## [Your assignment]
Among the entries below, find the line with "2,4 GHz-es adó." and the line with "Bague réglable en". Return exactly those lines and every line between them, but no pictures.

====

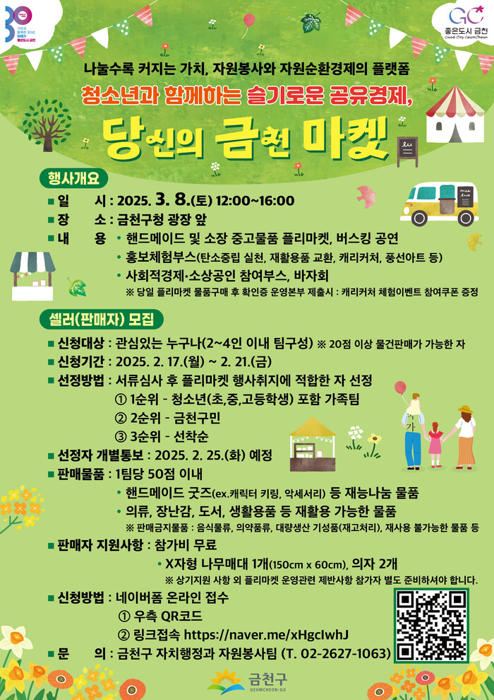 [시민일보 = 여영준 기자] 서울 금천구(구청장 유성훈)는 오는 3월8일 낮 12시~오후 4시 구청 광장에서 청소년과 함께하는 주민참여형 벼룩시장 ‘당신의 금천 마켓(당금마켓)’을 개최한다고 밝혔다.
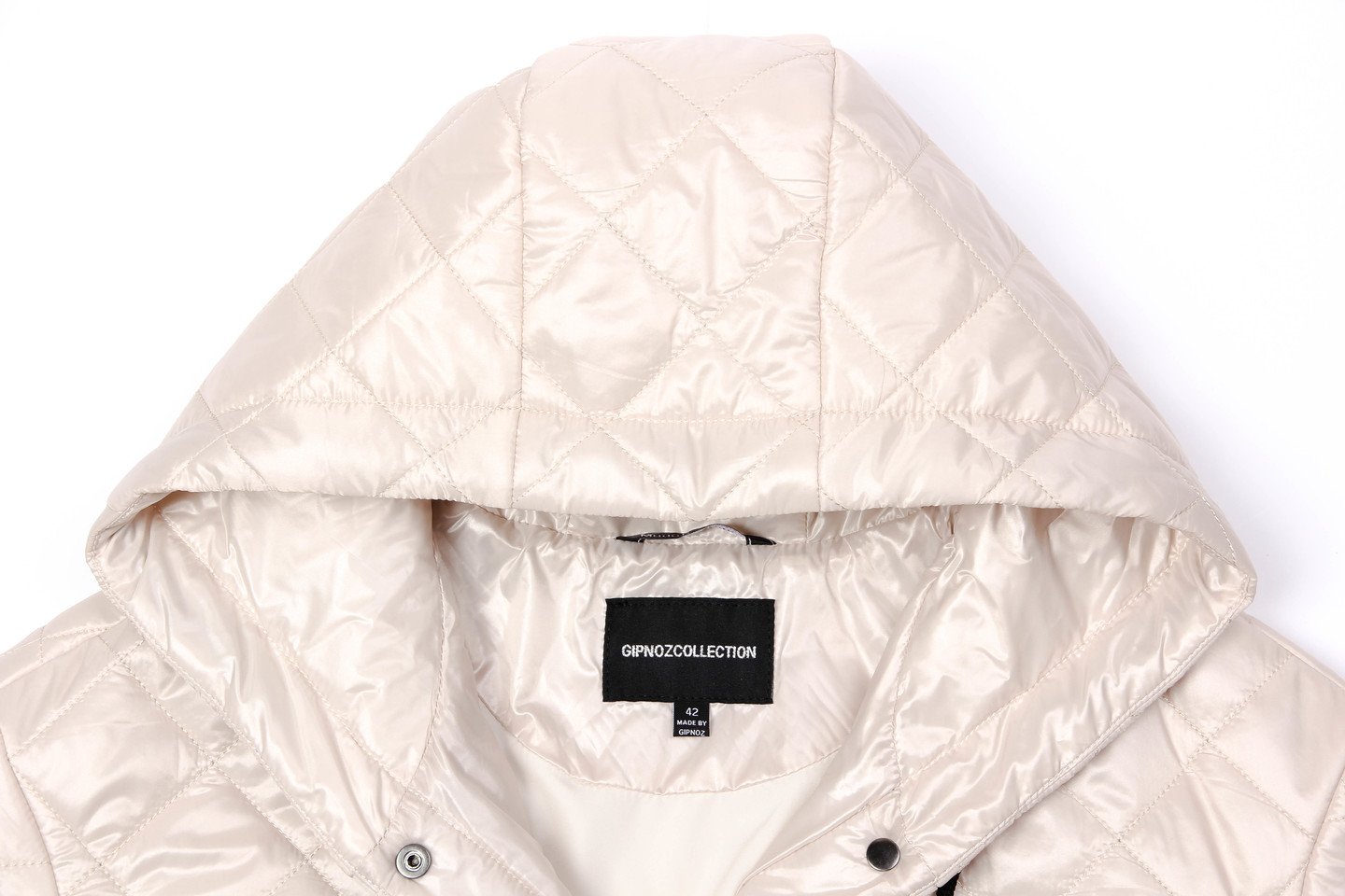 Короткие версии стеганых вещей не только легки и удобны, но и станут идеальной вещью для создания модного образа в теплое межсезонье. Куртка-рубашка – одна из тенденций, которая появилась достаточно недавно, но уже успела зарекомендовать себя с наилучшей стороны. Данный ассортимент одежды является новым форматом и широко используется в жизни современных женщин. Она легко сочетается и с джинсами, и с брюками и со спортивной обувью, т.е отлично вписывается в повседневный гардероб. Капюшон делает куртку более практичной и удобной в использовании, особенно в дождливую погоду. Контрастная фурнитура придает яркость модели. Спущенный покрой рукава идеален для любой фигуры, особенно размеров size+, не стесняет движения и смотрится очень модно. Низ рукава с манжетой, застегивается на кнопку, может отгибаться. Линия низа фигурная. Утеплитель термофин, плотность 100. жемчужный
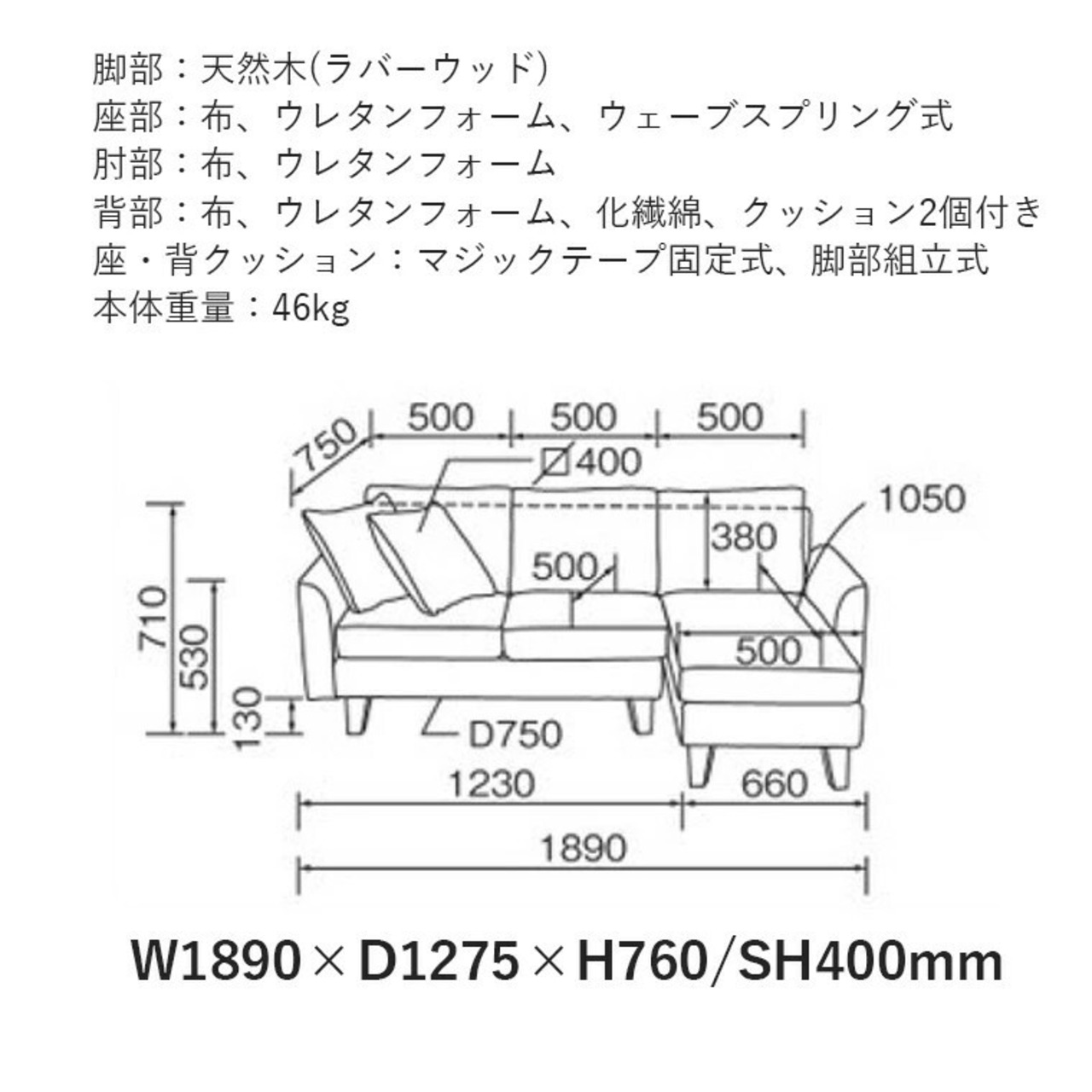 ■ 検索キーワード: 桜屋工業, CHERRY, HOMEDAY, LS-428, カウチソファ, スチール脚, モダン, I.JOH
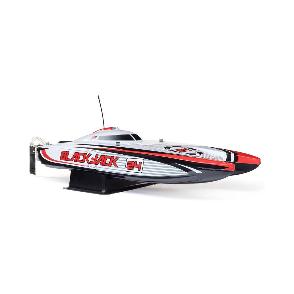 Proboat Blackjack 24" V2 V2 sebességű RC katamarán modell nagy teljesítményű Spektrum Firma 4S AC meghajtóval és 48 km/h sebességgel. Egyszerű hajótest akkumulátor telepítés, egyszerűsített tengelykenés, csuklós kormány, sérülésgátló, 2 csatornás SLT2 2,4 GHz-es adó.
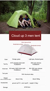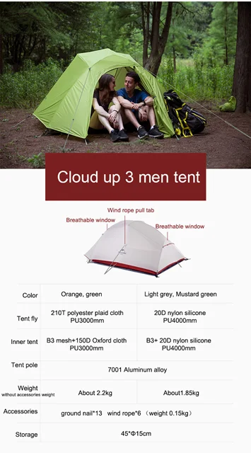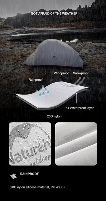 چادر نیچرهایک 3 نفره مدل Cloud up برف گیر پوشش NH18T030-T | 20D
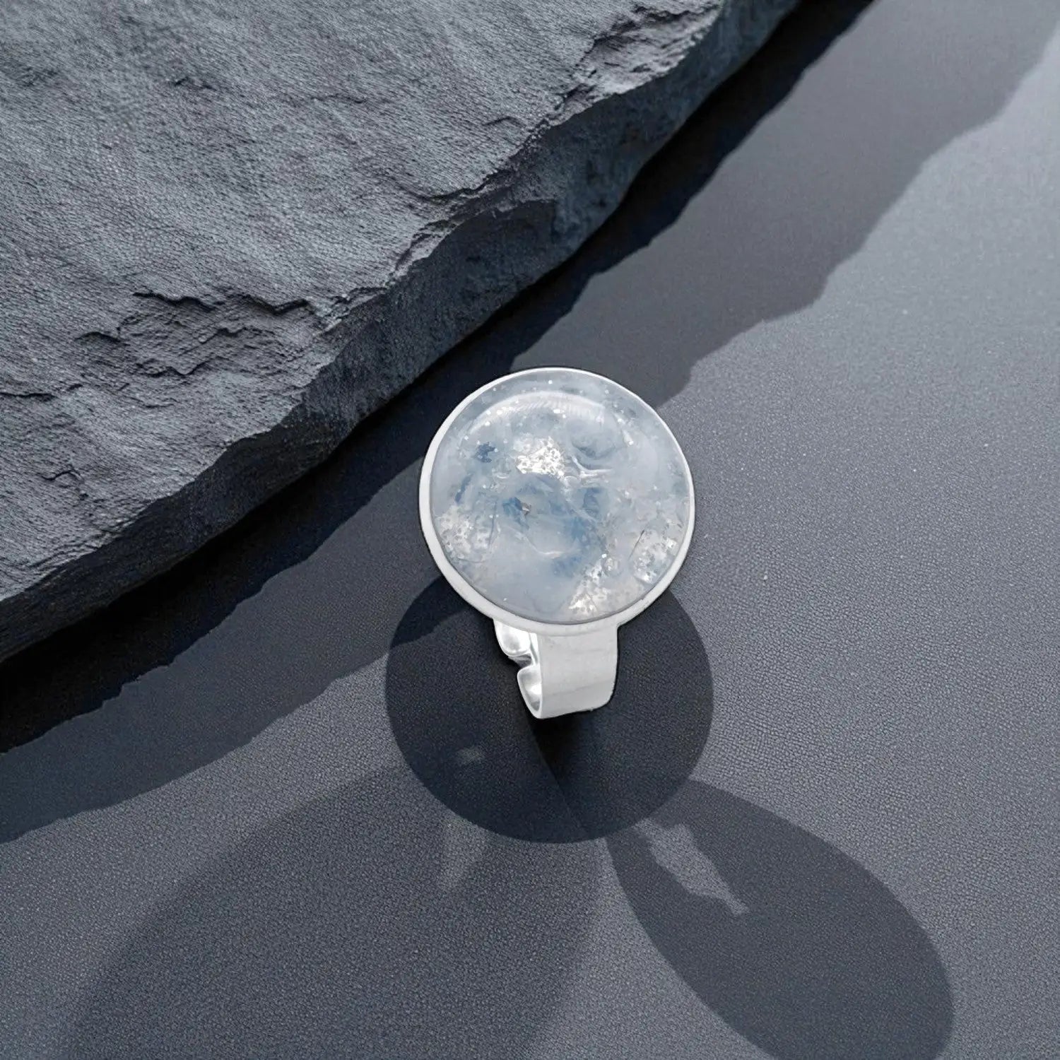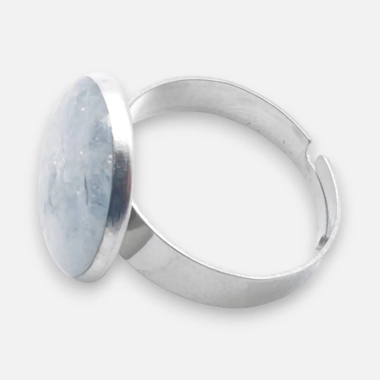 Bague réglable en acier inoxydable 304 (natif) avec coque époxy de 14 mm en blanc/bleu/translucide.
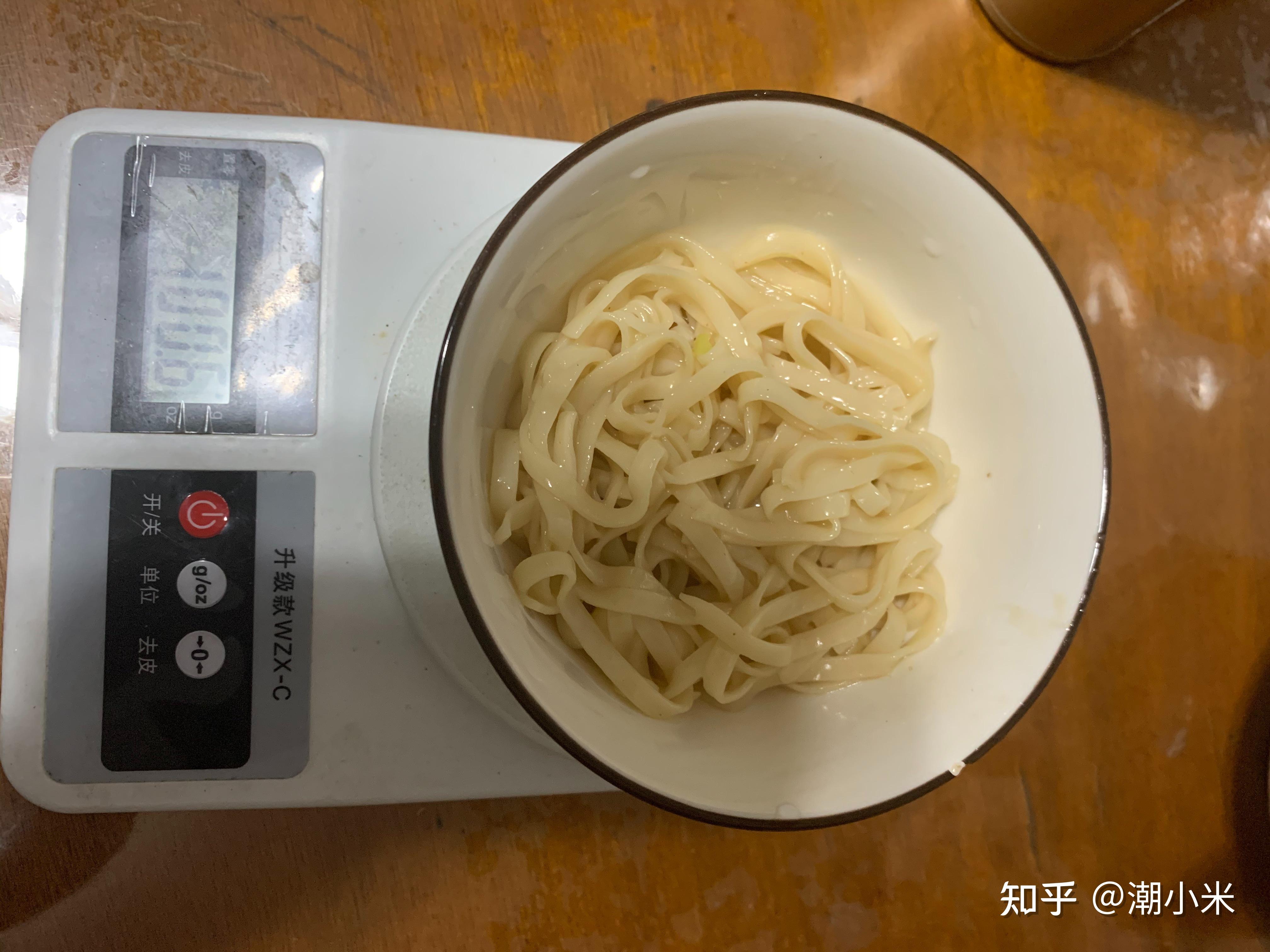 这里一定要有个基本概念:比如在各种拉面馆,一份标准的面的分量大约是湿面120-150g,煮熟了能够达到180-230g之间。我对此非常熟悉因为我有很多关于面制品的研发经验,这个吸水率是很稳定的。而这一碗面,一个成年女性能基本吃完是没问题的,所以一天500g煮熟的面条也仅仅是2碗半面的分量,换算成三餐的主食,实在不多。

====

## [Solution]
 Proboat Blackjack 24" V2 V2 sebességű RC katamarán modell nagy teljesítményű Spektrum Firma 4S AC meghajtóval és 48 km/h sebességgel. Egyszerű hajótest akkumulátor telepítés, egyszerűsített tengelykenés, csuklós kormány, sérülésgátló, 2 csatornás SLT2 2,4 GHz-es adó.
 چادر نیچرهایک 3 نفره مدل Cloud up برف گیر پوشش NH18T030-T | 20D
 Bague réglable en acier inoxydable 304 (natif) avec coque époxy de 14 mm en blanc/bleu/translucide.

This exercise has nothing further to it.